I want to be clear from the start: this is not just another article about technology.
It is about using technology strategically, making thoughtful decisions and producing real business impact. Generative AI allows us to generate analyses that are not only faster, they’re adjustable in depth and tailored to what we actually need. The real opportunity is not speed alone, but using that speed with intention.
We all undertake yearly comparisons, update reports, track performance across markets and variables, and carry out all the other tasks associated with our jobs. But turning numbers into insights that actually matter, that is the hard part. And it’s even harder when the size of insights teams are not growing at the same pace of what these teams are expected to deliver within their organization.
Generative AI can ease that pressure, provided it is applied with intention, guided strategically, and supplied with trustworthy content and data. Take executive summaries, for example, which go beyond describing what is represented in the data, and call for clarity, interpretation, and a clear understanding of business impact. Well-trained AI can certainly make a great first pass, giving insights teams an advanced platform to bring their business and organizational expertise.
AI is speeding up the reporting process amidst these tight deadlines, but as we well know, the real challenge lies in ensuring it co-produces work that is accurate, readable, and actionable. And on top of that, it supports strategic action and strengthens understanding of the broader business context.
I often think of generative AI as a partner that can read through hundreds of slides instantly. It can synthesize large amounts of information and propose narratives in seconds, but it still requires guidance to turn that output into actionable insight.

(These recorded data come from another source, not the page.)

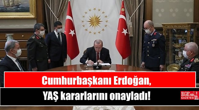 Cumhurbaşkanı Erdoğan, Yüksek Askeri Şura kararlarını onayladı.Yüksek Askeri Şura kararları kapsamında 17 general ve amiral bir üst rütbeye, 51 albay, general ve amiralliğe yükseltildi. YAŞ kararları kapsamında 35 general ve amiralin görev süreleri bir yıl, 294 albayın görev süreleri ise iki yıl uzatıldı. YAŞ kararlarına göre, 30 general/amiral kadrosuzluk nedeniyle emekliye sevk edildi. 226 olan general/amiral sayısı 30 Ağustos itibarıyla 247 olacak. YAŞ kararlarıyla Genelkurmay 2. Başkanı Korgeneral Metin Gürak orgeneralliğe, Donanma Komutanı Koramiral Ercüment Tatlıoğlu oramiralliğe terfi etti.
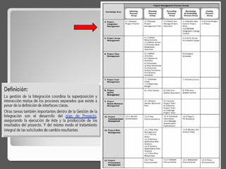 Este documento describe los procesos de integración de proyectos, incluyendo desarrollar el acta de constitución, desarrollar el plan de gestión, dirigir la ejecución, supervisar el control, realizar el control de cambios y cerrar el proyecto. Explica cada proceso, sus entradas, herramientas, técnicas y resultados. La integración es fundamental para coordinar las diferentes áreas y procesos de un proyecto para lograr sus objetivos.
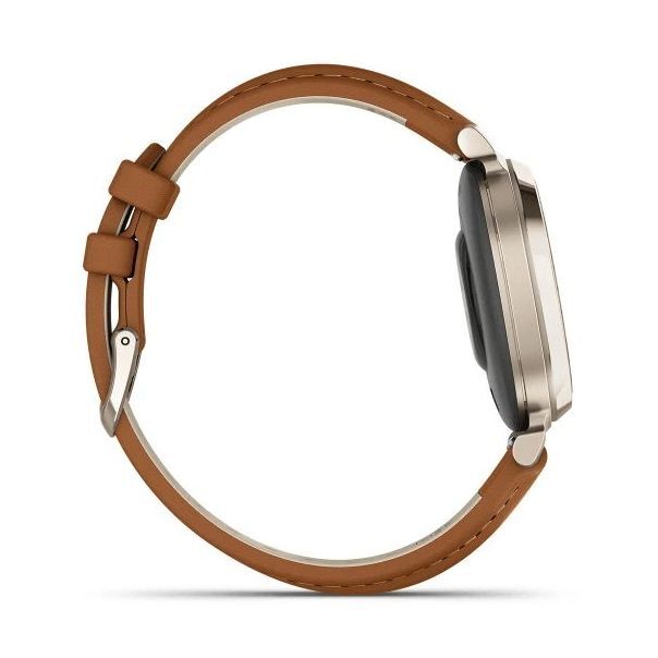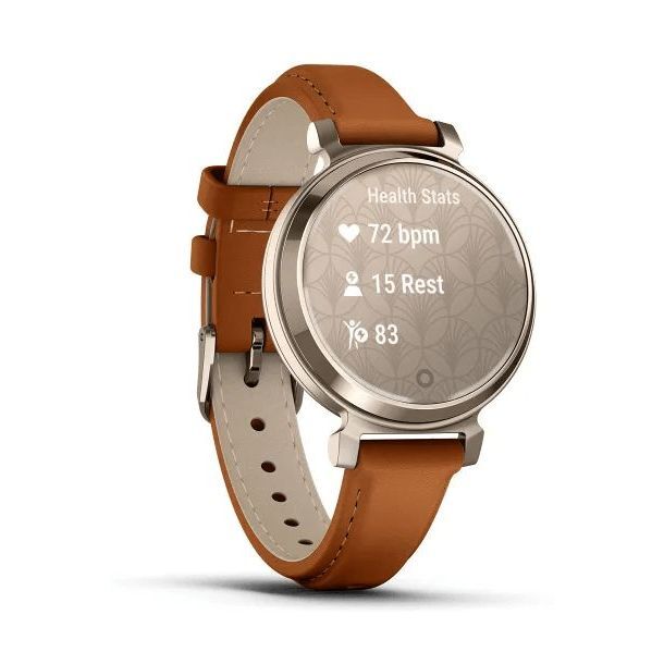 Garmin Lily 2 Classic Fitness Smartwatch - Cream Gold With Tan Leather Band
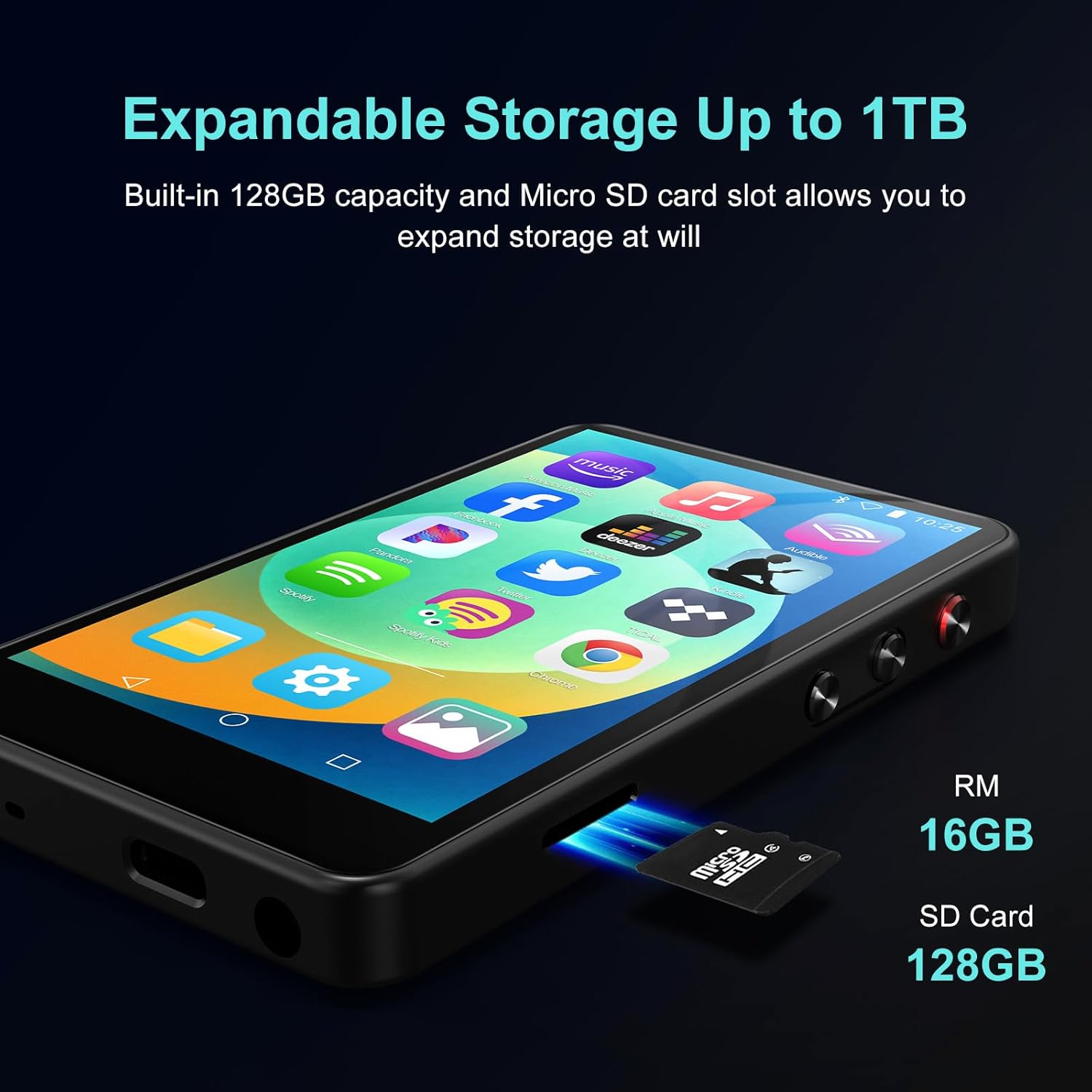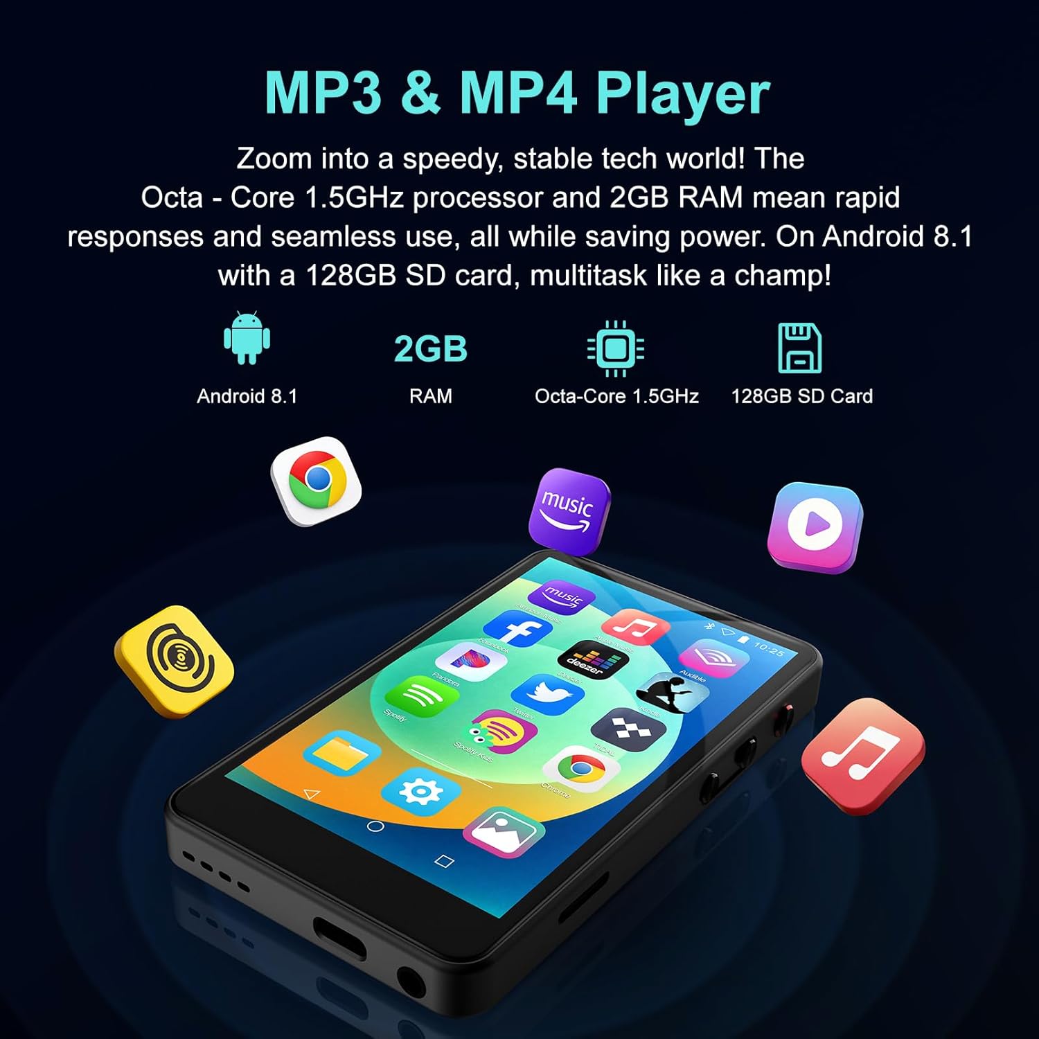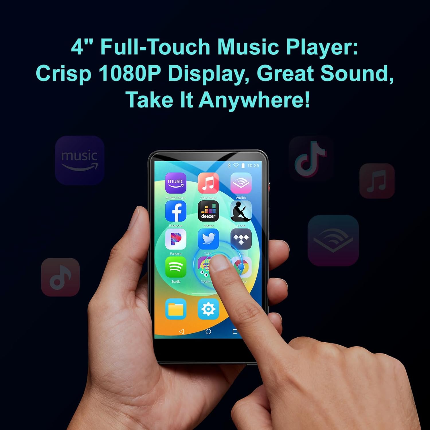 144GB MP3 Player with Bluetooth and WiFi, 4IN HD Full Touch Screen MP3 & MP4 Music Player with Spotify, Libby, Amazon Music,YouTube,Tiktok, E-Book, MP4 Player for Kids Up to1TB

A small difference in phrasing can completely change what the AI produces. That is why prompting is an art as much as a discipline, because the AI does exactly what you tell it (or fail to tell it).

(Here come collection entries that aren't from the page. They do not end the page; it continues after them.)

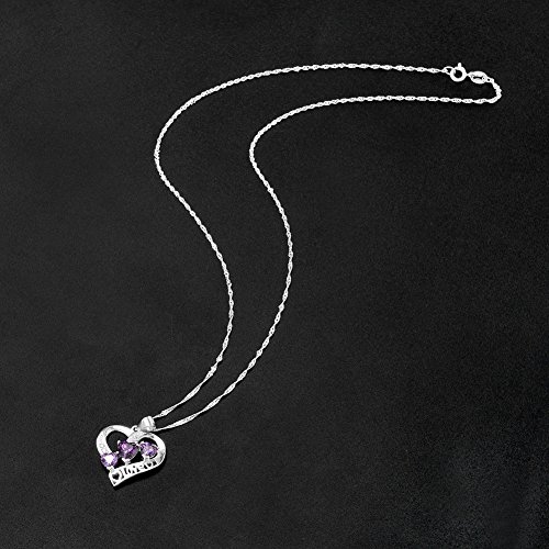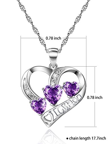 This beautiful necklace consists of a chain and a pendant contained a 925 sterling silver open heart, featuring ten cubic zircon crystals in a gorgeous shade of purple.With "love" engraved in of the necklace. It consists of a clasp round socket ratchet.
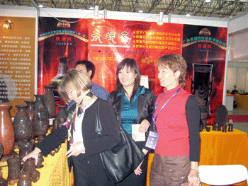 4月10日,聯(lián)合國教科文組織官員在南昌舉行的第43屆“全國工藝品、旅游紀念品暨家居用品交易會”欽州展廳參觀欽州坭興陶工藝品。欽州市有13件坭興精品參評此屆交易會,同時該市還有100多件作品參展。
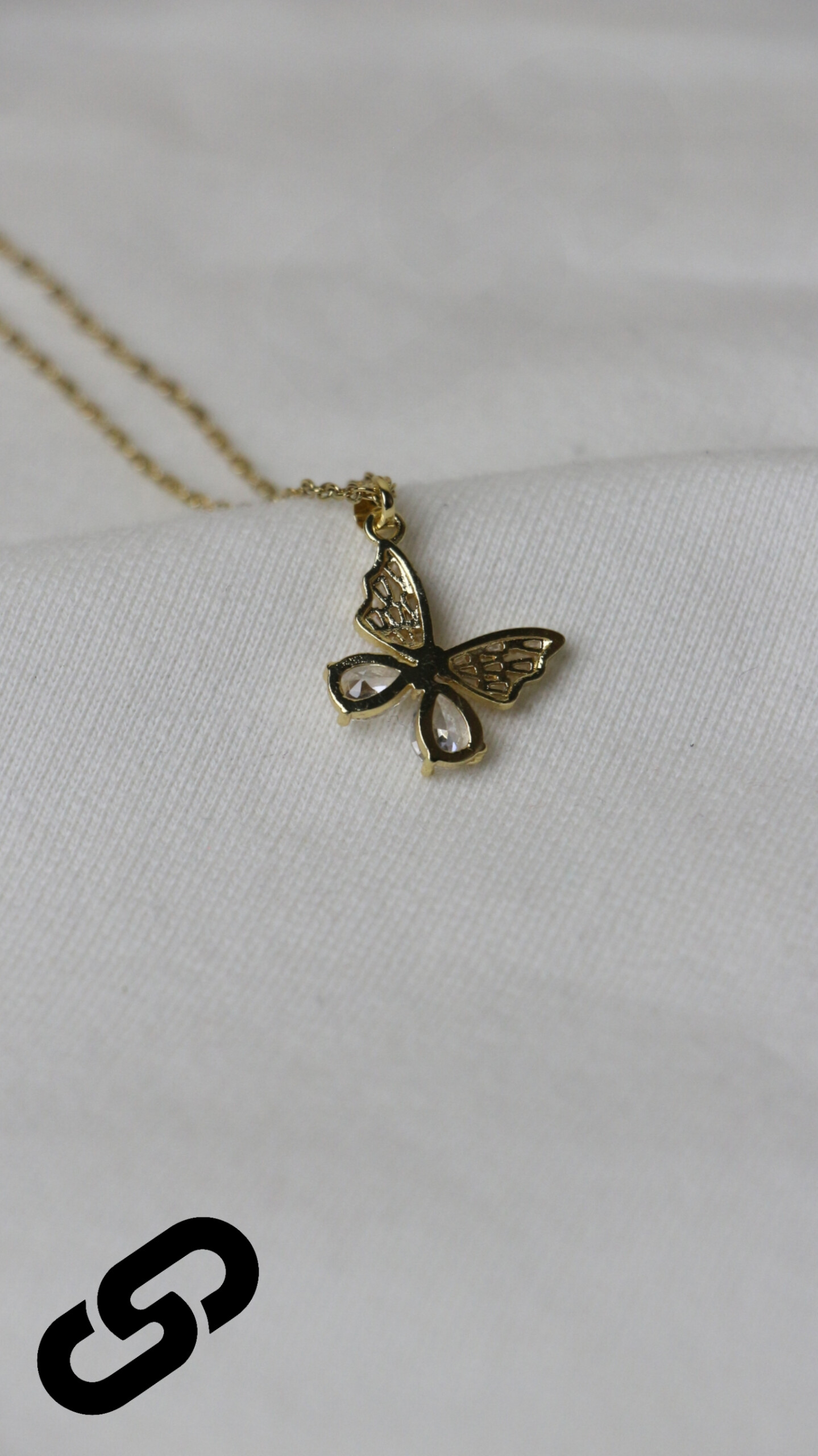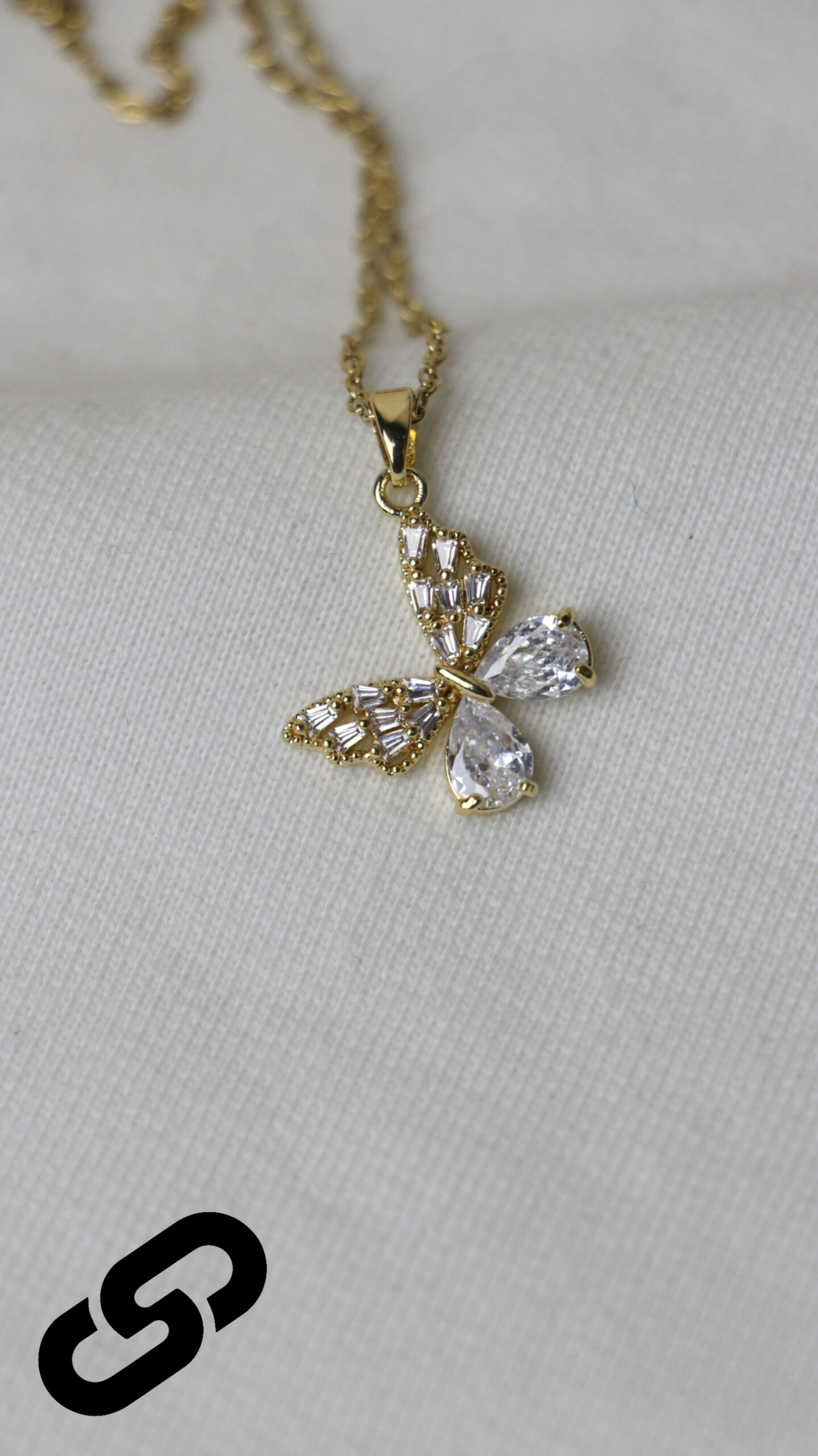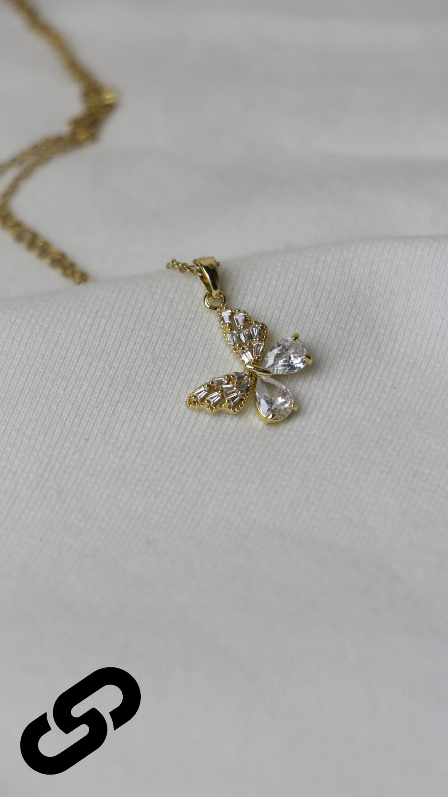 گردنبند زنانه طرح پروانه طلایی نگینی

Ambiguity gets amplified, because a vague prompt produces vague results. Overly long prompts can confuse the analysis or introduce elements that were never requested. The bottom line is that strong prompts lead to strong outcomes.
Using AI strategically is not plug and play. It requires structured thinking. The difference between a generic output and a powerful, business-relevant insight is the attention you put into the instruction.
Using AI can feel like standing in front of a giant library with endless possibilities. There are countless ways to frame a request, and each choice can produce a different result. Without clarity, it is easy to spend more time guessing than analyzing.
Structured thinking is critical. Otherwise, it is like trying to find a single letter, within an individual word, from a precise paragraph, in a certain chapter, within a particular book - all without an index or dewey system. You need a strategy, a plan, and clear instructions
Over time, I have found that a simple structure works best when prompting generative AI:
Clarity before complexity is my guiding principle. When you define these three elements, you gain control over the output. The AI does the processing, but the researcher drives the insight.
One of the most powerful aspects of generative AI is the ability to adjust depth.
The same dataset can produce very different outputs depending on how it is guided. It can generate a purely descriptive summary that is clear and factual. It can create an executive-level synthesis highlighting key trends and actionable points. Or it can produce a more strategic and interpretive analysis that identifies underlying patterns, drivers and implications. The data does not change, but the guidance does.
This demonstrates something important: the quality of the insight depends on how you direct the AI, not on the AI itself. This shouldn’t surprise us either, especially considering how different people looking at the same data can arrive at differing levels of understanding. What’s the difference you may ask? Just like AI, their training, experience, tools, and the knowledge they bring to the task.
Working with AI involves experimentation. You refine phrasing. You test outputs. You adjust and try again. Sometimes the first version is not quite right. This process is part of the work.
There is creativity in exploring different approaches, but it must be paired with discipline. The skill lies in knowing which levers to pull, how to refine and when the output truly supports decision-making.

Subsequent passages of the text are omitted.